Tomás Gutiérrez Alea’s “Memories of Underdevelopment,” shot in Cuba some 50 years ago and showing for a week at Film Forum in an excellent 4K digital restoration, is a first-rate movie and a remarkable document — not least for the reception it first received in the United States.

“Memories” was adapted from Edmundo Desnoes’s novel, published in English as “Inconsolable Memories.” An ambivalent account of life in Castro’s Cuba, written in the first person, Mr. Desnoes’s post-revolutionary novel has affinities to pre-revolutionary Russian literature. His protagonist, Sergio, a 38-year-old Havana native, is neither for nor against the revolution. An indolent bourgeois living off the rent from a building his father — gone to Miami — left behind, he is what Turgenev might call “a superfluous man.”

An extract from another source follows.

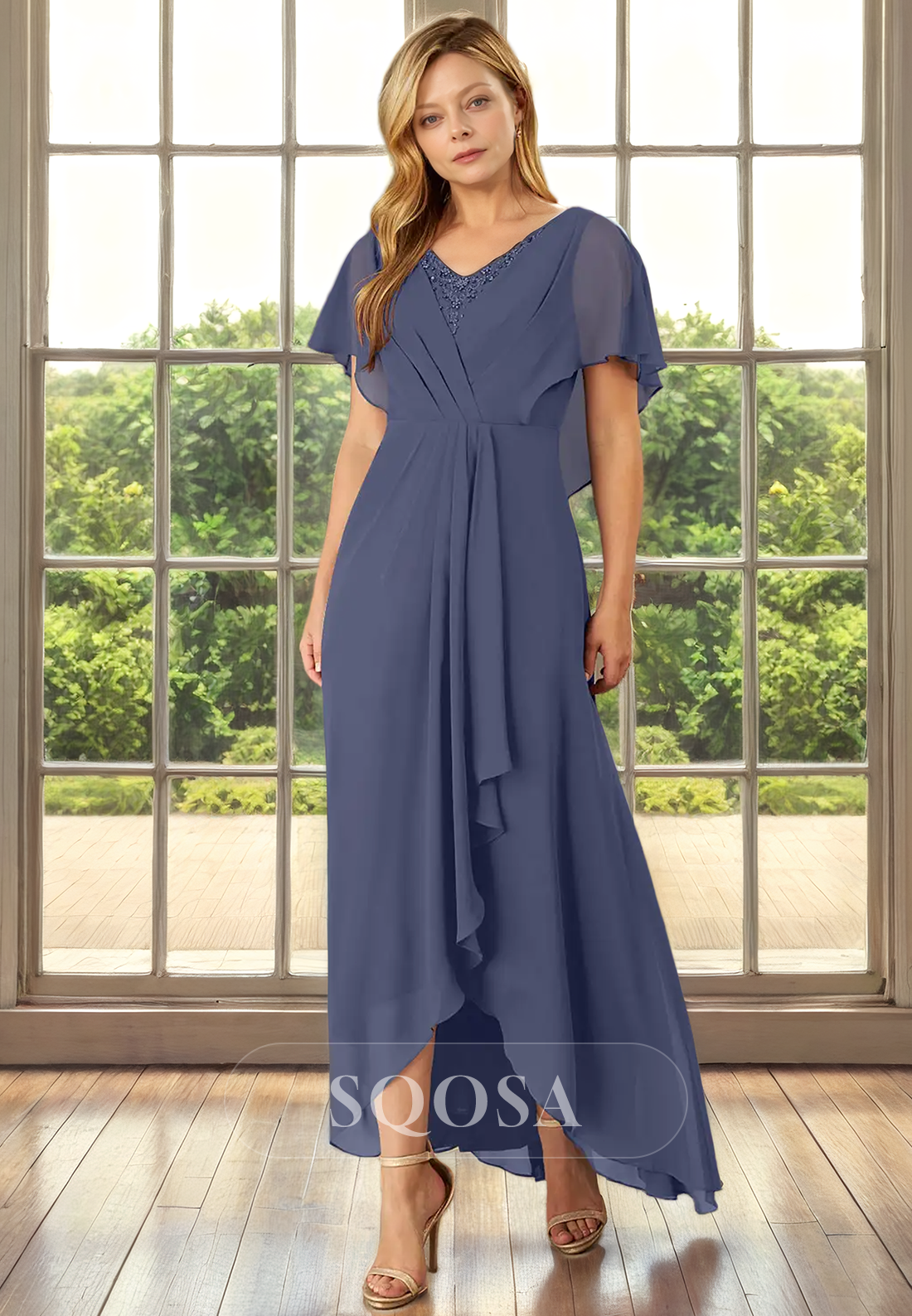 This elegant mother of the bride dress features a flattering A-line silhouette with a V-neck and short sleeves. Made of high-quality chiffon fabric, it is embellished with delicate beads for a touch of sparkle. Perfect for weddings and other special occasions, this dress offers both style and comfort.

Sergio imagines himself European, and as played by the urbane Sergio Corrieri, Alea’s protagonist reminded some of European actors like Marcello Mastroianni and Jean-Louis Trintignant. Contemptuous of those who have fled Cuba and indifferent to the Castro supporters around him, Sergio indulges in erotic reveries, entertaining fantasies about his maid and memories of a high school sweetheart.

Drifting into an affair with a flighty teenager, Elena (Daisy Granados), Sergio equates her lack of education with Cuba’s underdevelopment, taking her to museums that, in a particularly sardonic sequence, include Ernest Hemingway’s villa. Late in the movie, reality crashes in — first with the arrival of Elena’s irate family and second in the form of the October 1962 missile crisis.

While closely adapted from Mr. Desnoes’s novel, Alea’s film is greatly enriched by interpolated newsreel material. Sergio’s alienation is placed in the context of pre-revolutionary poverty and post-revolutionary political trials, as well the aftermath of the failed Bay of Pigs invasion. “Memories” is a very much a new wave film in its freewheeling mix of cinéma vérité-style hand-held street scenes and playful freeze frames. It is also self-referential: Sergio attends a round table discussion on revolutionary art in which one participant is Mr. Desnoes. (“What are you doing up there with that cigar?” Sergio wonders to himself.)

“Memories of Underdevelopment” had its world premiere at the Pesaro Film Festival in 1968 but would not be seen here until it was included in the 1972 edition of the New Directors/New Films series, presented by the Museum of Modern Art and the Film Society of Lincoln Center. A month later, the print was seized by federal agents before it could be shown at a festival of new Cuban films that had already been disrupted by anti-Castro exiles.

The movie finally opened at a small cinema in May 1973; it received glowing reviews, including one by the New York Times critic Vincent Canby, as well as an award from the National Society of Film Critics. The Village Voice critic Andrew Sarris, speaking at an awards ceremony that the United States government denied Alea a visa to attend, hailed the director as a courageous dissident.

That Alea, who made numerous films in Cuba before his death in 1996, could be simultaneously a dangerous alien and a free-speech hero is a perverse tribute to his film’s nuanced politics. “Memories” is not only shot in black and white but also composed in shades of gray.